=== About this task ===
Leave out any picture and return the remaining listing below exactly as given.

=== Information provided ===
- Opening Delimiter -

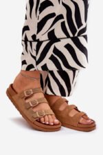 Moteriškos šlepetės, pagamintos iš eko zomšos, puikus pasirinkimas šiltoms dienoms. Šis modelis turi tris reguliuojamus dirželius su sagtimis, kurie užtikrins puikų prigludimą prie pėdos. Profiliuotas vidpadis garantuoja patogumą visą dieną, todėl šios šlepetės yra puikus pasirinkimas pasivaikščiojimams ar atostogų kelionėms. Pasirinkdami dydį, prašome vadovautis dydžių lentele.
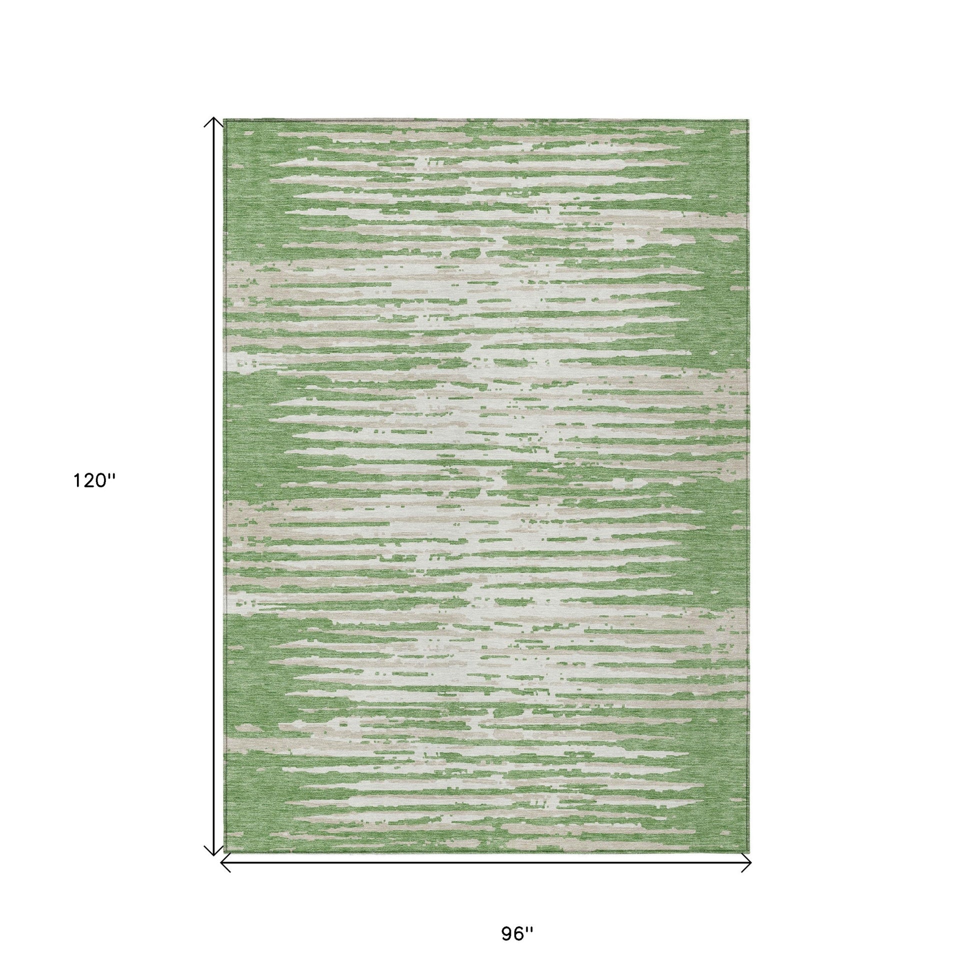 Tabselect Home Line 8' X 10' Green And Ivory Striped Washable Indoor Outdoor Area Rug
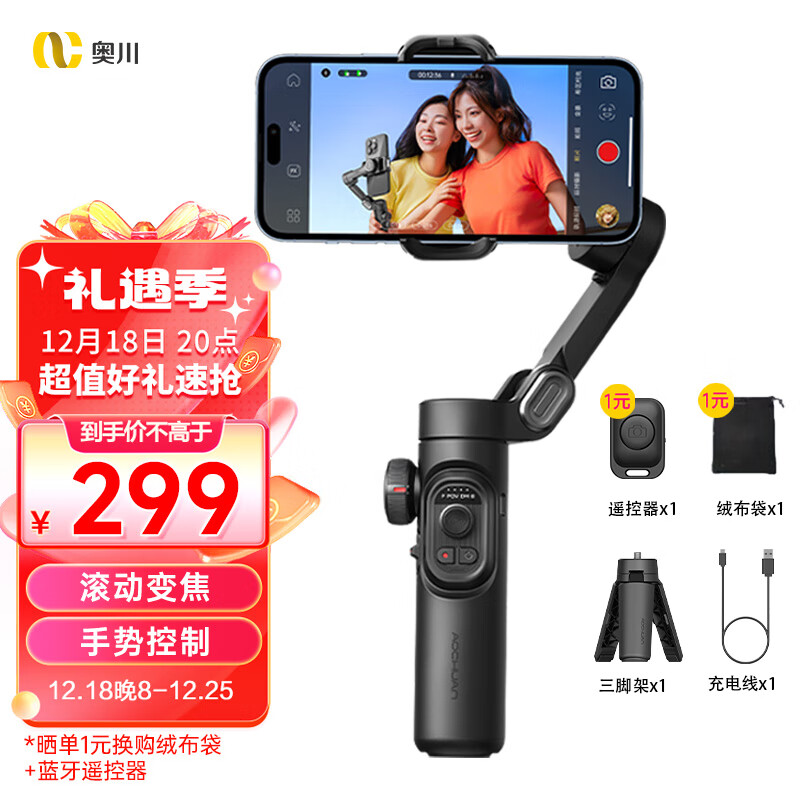 奥川 手机稳定器防抖小巧便携可折叠vlog神器智能手持云台直播 SMART XE标配 价格:299.00元!

- Closing Delimiter -

=== Exercise answer ===
 Moteriškos šlepetės, pagamintos iš eko zomšos, puikus pasirinkimas šiltoms dienoms. Šis modelis turi tris reguliuojamus dirželius su sagtimis, kurie užtikrins puikų prigludimą prie pėdos. Profiliuotas vidpadis garantuoja patogumą visą dieną, todėl šios šlepetės yra puikus pasirinkimas pasivaikščiojimams ar atostogų kelionėms. Pasirinkdami dydį, prašome vadovautis dydžių lentele.
 Tabselect Home Line 8' X 10' Green And Ivory Striped Washable Indoor Outdoor Area Rug
 奥川 手机稳定器防抖小巧便携可折叠vlog神器智能手持云台直播 SMART XE标配 价格:299.00元!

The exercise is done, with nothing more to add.